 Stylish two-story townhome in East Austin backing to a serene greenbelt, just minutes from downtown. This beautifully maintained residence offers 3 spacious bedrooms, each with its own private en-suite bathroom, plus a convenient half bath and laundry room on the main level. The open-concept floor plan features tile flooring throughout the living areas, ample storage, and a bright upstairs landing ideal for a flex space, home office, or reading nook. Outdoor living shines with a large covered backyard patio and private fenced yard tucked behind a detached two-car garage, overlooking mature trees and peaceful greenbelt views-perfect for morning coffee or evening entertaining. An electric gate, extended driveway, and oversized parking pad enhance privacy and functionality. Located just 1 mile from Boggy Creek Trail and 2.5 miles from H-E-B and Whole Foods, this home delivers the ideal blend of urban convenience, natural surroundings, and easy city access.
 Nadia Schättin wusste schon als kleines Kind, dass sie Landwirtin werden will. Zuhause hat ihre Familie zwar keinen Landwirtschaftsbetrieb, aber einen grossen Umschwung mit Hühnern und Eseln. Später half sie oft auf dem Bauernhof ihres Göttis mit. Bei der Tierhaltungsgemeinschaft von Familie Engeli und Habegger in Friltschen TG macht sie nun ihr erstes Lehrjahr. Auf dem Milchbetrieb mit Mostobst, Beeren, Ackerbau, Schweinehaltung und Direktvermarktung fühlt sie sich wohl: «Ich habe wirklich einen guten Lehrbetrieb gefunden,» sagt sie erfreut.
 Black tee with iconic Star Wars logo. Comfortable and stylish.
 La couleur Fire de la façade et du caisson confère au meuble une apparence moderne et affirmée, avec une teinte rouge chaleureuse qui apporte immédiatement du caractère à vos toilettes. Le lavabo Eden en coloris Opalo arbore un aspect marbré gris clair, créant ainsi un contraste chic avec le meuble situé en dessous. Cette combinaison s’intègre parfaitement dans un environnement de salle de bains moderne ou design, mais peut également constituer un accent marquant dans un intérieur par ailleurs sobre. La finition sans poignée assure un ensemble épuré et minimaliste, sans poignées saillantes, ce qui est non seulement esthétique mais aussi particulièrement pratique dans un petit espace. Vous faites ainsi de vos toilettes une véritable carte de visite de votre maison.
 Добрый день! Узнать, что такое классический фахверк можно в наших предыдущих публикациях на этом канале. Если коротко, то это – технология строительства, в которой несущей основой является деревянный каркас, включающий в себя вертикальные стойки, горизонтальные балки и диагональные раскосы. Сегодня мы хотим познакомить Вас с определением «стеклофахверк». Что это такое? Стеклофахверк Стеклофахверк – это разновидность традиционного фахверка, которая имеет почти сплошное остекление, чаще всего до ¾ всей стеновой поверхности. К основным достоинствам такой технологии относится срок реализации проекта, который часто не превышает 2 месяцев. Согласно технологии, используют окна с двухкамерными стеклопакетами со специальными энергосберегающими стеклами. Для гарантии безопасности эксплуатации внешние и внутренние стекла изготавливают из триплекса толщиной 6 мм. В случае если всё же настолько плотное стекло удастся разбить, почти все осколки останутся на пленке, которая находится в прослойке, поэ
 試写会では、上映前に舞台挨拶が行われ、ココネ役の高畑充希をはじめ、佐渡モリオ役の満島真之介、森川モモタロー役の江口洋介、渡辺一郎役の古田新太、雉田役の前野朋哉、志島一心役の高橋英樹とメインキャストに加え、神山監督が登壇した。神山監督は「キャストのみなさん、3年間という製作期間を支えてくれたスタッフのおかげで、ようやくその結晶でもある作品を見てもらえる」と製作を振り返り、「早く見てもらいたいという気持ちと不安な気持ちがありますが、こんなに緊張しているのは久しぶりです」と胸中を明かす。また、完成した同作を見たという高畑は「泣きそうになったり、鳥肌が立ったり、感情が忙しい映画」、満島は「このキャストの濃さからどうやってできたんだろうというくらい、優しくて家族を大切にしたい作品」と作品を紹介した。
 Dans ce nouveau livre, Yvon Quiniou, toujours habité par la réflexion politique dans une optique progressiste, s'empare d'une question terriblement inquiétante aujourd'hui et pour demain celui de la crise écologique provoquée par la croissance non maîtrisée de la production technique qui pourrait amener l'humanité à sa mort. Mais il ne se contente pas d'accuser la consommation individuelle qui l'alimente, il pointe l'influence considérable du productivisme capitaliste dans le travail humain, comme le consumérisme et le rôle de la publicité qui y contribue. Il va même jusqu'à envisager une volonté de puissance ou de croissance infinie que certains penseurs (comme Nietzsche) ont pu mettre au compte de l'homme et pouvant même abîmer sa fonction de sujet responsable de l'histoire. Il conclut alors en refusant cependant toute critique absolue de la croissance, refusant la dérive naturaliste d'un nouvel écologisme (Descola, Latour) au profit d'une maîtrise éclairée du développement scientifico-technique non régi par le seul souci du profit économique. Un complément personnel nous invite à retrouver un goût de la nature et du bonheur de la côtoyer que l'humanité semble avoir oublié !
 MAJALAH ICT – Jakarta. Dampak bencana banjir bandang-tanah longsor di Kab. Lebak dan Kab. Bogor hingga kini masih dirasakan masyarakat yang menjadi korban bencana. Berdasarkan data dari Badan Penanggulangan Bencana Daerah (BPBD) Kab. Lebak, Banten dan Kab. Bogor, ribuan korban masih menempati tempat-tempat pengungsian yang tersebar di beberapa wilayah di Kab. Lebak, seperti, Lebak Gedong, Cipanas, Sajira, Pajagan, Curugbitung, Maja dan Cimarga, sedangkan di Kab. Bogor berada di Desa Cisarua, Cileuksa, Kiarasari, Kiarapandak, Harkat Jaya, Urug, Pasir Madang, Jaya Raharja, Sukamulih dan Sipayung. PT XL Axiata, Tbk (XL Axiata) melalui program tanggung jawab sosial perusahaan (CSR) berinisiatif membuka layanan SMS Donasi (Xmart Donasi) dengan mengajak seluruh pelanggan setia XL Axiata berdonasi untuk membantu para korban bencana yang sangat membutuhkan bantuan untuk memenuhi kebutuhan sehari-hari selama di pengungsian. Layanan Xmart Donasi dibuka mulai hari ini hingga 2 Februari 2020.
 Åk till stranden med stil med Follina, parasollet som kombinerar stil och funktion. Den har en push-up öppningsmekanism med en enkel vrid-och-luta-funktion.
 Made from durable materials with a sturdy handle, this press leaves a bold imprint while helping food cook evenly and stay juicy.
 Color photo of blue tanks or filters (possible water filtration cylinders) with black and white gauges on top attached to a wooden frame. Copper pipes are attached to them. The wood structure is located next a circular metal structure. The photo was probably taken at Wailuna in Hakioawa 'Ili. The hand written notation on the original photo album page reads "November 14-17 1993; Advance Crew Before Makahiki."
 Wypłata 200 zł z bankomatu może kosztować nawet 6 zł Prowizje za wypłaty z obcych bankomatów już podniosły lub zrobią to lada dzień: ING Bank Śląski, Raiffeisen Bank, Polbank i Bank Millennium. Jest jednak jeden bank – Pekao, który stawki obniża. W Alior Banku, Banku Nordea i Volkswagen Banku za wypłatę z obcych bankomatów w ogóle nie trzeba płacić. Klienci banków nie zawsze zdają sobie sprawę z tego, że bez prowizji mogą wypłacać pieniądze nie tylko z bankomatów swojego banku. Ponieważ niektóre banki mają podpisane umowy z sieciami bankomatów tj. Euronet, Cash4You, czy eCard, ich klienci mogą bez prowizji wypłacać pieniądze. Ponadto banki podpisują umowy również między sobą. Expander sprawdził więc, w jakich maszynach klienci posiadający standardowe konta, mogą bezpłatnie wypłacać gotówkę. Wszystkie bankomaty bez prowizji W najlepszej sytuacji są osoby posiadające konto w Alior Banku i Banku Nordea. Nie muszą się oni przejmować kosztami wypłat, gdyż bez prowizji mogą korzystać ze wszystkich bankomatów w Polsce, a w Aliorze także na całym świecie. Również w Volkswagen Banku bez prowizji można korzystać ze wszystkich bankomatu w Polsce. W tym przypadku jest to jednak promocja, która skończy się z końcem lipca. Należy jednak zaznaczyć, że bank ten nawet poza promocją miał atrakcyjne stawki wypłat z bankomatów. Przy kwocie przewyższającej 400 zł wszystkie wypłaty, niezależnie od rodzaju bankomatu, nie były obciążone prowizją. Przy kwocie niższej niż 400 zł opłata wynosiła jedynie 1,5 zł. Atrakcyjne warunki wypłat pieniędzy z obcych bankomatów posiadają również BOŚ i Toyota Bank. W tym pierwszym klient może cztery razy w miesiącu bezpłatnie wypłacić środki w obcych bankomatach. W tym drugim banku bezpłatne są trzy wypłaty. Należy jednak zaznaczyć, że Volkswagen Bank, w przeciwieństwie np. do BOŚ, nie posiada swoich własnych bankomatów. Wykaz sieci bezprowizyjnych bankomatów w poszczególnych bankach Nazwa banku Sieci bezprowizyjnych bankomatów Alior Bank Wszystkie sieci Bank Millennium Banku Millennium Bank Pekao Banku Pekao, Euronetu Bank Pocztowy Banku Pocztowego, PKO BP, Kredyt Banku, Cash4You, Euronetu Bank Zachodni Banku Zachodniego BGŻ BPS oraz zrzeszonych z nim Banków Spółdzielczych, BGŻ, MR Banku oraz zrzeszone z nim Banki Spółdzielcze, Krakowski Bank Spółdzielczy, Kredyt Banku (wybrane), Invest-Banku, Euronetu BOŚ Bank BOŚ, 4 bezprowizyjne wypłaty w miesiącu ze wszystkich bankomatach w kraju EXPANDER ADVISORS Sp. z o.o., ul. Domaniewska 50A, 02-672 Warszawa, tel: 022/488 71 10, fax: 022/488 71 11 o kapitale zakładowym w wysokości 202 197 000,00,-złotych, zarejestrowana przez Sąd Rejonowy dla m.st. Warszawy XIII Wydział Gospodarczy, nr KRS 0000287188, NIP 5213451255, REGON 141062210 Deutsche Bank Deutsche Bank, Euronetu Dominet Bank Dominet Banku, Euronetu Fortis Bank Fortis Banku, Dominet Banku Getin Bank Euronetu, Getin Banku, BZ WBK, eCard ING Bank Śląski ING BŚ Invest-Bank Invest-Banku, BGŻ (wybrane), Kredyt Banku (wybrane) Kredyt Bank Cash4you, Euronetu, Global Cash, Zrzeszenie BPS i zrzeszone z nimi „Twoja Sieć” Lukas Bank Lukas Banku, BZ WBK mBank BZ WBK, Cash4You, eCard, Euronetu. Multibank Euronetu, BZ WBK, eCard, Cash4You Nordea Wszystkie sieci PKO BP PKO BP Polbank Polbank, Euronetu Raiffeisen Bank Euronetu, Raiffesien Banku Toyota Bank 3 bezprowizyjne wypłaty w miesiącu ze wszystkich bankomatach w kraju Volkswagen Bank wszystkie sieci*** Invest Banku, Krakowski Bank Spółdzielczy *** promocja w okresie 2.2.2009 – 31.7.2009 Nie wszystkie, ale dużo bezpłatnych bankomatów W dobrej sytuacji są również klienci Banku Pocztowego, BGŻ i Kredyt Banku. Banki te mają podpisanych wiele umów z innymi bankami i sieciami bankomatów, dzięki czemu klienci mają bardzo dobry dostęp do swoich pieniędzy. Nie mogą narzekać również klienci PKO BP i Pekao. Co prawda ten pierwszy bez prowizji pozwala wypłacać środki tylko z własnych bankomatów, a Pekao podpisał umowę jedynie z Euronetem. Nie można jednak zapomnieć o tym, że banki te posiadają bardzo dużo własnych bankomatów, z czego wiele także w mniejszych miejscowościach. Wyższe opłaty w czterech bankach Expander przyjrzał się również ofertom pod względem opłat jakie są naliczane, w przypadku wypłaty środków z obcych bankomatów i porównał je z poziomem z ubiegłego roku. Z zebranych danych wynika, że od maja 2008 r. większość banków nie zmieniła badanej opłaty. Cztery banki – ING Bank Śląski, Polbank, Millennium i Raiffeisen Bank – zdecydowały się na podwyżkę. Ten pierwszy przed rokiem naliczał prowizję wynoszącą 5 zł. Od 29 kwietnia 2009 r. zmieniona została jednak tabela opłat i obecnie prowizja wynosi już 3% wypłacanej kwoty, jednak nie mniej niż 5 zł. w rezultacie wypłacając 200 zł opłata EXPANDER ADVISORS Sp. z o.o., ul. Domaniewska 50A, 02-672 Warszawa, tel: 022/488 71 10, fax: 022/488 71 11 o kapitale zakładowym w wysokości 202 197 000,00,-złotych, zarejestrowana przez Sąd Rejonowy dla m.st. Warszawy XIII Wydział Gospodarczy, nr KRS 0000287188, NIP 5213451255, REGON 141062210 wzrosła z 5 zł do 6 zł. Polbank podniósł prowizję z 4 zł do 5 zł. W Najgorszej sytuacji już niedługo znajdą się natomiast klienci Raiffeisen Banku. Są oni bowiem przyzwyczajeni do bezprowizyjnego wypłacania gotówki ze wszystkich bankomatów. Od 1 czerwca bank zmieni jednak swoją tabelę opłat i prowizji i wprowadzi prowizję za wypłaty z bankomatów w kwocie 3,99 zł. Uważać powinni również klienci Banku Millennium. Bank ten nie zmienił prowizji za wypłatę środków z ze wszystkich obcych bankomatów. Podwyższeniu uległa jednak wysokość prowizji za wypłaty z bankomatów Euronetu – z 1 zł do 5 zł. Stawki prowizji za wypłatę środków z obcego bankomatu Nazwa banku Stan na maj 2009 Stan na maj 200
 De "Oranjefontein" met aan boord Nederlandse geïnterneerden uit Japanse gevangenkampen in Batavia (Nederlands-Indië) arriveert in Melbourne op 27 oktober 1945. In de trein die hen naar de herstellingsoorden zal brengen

.....

_WHAT THE TASK REQUIRES_.
Reproducing the whole listing above is not the task. Copy exactly only the lines from the one with "Made from durable" to the one with "Color photo of", both kept.

_SOLUTION FOR THIS TASK_.
 Made from durable materials with a sturdy handle, this press leaves a bold imprint while helping food cook evenly and stay juicy.
 Color photo of blue tanks or filters (possible water filtration cylinders) with black and white gauges on top attached to a wooden frame. Copper pipes are attached to them. The wood structure is located next a circular metal structure. The photo was probably taken at Wailuna in Hakioawa 'Ili. The hand written notation on the original photo album page reads "November 14-17 1993; Advance Crew Before Makahiki."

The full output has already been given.